After the disappointing visit to Wakulla Springs, we headed back north, to spend the night in south GA. Part of the reason for wanting to go on a wandering road trip, was the Second Annual Brooks County Skillet Festival. Possibly the worlds' lamest idea for having a day of dozens of craft and food booths on a courthouse square in modern times. I was pretty amusing, though I am glad that I was there only as an observer. When I went last year for the First Annual Brooks County Skillet Festival, I don't think I even broke even. Possibly making enough to cover my entry fee, but not the gas to get there and back. I'm pretty sure I am done with craft fairs. But we went, mostly/sorta saw it all - and only spent pocket change on a bag of fried pork skins. Which I could not even think about putting in my mouth. Nor would I eat fried bird feathers, or horse hide.

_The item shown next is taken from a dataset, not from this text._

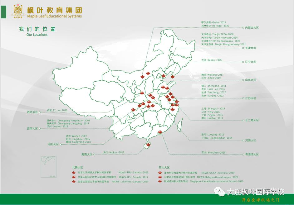 枫叶教育集团作为中国基础教育领域的国际教育领军者,1995年在大连首创枫叶国际学校,后于武汉、天津、重庆、镇江、洛阳、鄂尔多斯、上海、平顶山、义乌、荆州、西安、淮安、平湖、湖州、潍坊、盐城、海口、深圳、襄阳、泸州、济南、和林格尔、加拿大温哥华、甘露市、桑德贝、马来西亚吉隆坡、新加坡和澳大利亚阿德莱德等地创办枫叶国际学校,目前在校生45000余人。

Another disappointment - was not seeing some art done by a local guy that was in the county historical museum. I'd received an email announcing the show, and encouraging folks to want to look, saying it would be on display until the end of the Festival. Might be true: but the building was locked, unmanned, and we could not get in the door. There were actually signs up encouraging people to want to visit the museum - but no one thought to actually provide the manpower to have the building open for all those hundreds of out-of-town guests they had been luring to town for the fun and festivities, just across the street. Crazy?
But I had two days of mostly, nearly undivided attention from one of my favorite people. Except for all that time she was texting, emailing, engrossed in the electronic device that has become an appendage, essential body part.
We went to visit the sister who was home, after over a week of incarceration in the confines of South GA Medical Center. I think she was released on Monday, and is slowly improving, in barely perceptible increments, trying to regain strength and stamina from nearly ten days of being tethered to a bed. I know nothing is more exhausting than doing nothing, and if you do it long enough you get to where you can't do anything, having learned some years ago that Inertia Breeds Inertia. The longer you sit, the more you need help to get up and wobble about. Hearing about some of the limitations the therapy/rehab team insisted on before releasing her, it's got to be frustrating to want to try to do little daily activities, and fearful of risking damage as a result of routine tasks. Wanting to regain strength, but being so limited in what she is allowed to do: arggghh.
Then we came back to Columbus Saturday afternoon, and that's that.